Case Details
- Citation: [2018] SGHC 167
- Case Title: Nanofilm Technologies International Pte Ltd v Semivac International Pte Ltd & 2 Ors
- Court: High Court of the Republic of Singapore
- Suit No: Suit No 747 of 2016
- Date of Judgment: 26 July 2018
- Judges: George Wei J
- Hearing Dates: 23–26 October 2017; 11 December 2017
- Judgment Reserved: Yes
- Plaintiff/Applicant: Nanofilm Technologies International Pte Ltd
- Defendants/Respondents: Semivac International Pte Ltd (1st defendant); Xu Yibo (2nd defendant); Hu Lang (3rd defendant)
- Legal Areas: Copyright; Remedies; Employment-related contractual claims; Breach of confidence; Inducement of breach of contract (tort)
- Statutes Referenced: Copyright Act
- Cases Cited: [2018] SGHC 167 (as provided in metadata)
- Judgment Length: 104 pages, 28,146 words
Summary
Nanofilm Technologies International Pte Ltd v Semivac International Pte Ltd & 2 Ors concerned a dispute between a Singapore technology company and two former employees, as well as a company they set up after leaving. The plaintiff alleged that the 1st defendant infringed its copyrights by using and reproducing technical materials—specifically “Semivac slides” and “Semivac drawings”—that allegedly drew on the plaintiff’s pre-existing technical drawings. The plaintiff also brought claims against the 2nd defendant for breach of his employment contract, claims against both the 1st and 2nd defendants for breach of confidence, and a claim against the 3rd defendant for inducing the 2nd defendant to breach his contract.
The High Court (George Wei J) analysed the copyright infringement claim through the lens of whether the allegedly infringing drawings reproduced a “substantial part” of the plaintiff’s pre-existing technical drawings, and whether any “useful article” defence applied. The court also assessed the contractual and confidence-based claims by focusing on the existence and scope of contractual duties, the nature of confidential information, and whether the defendants’ conduct amounted to breach and/or inducement. Ultimately, the court’s findings turned on the evidential and doctrinal requirements for each cause of action, including the threshold for copyright infringement and the proof of breach of confidence and contractual obligations.

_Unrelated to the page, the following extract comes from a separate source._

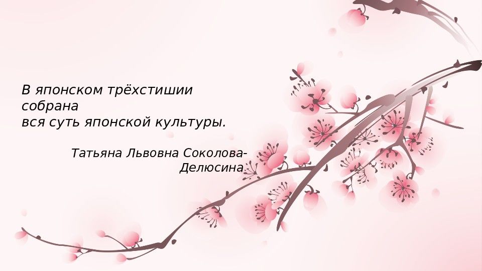 В японском трёхстишии собрана вся суть японской культуры. Татьяна Львовна Соколова- Делюсина

What Were the Facts of This Case?
The plaintiff, Nanofilm Technologies International Pte Ltd (“Nanofilm”), is a Singapore company incorporated in May 1999. It manufactures and provides Filtered Cathodic Vacuum Arc (“FCVA”) technology products and services. The plaintiff’s chief executive officer and founder is Dr Shi Xu, and its senior vice-president is Dr Wei Hao. Nanofilm’s business involves both hardware and software components used to perform FCVA coating processes, including the control software for carrying out coating operations and the machine components that enable the coating process.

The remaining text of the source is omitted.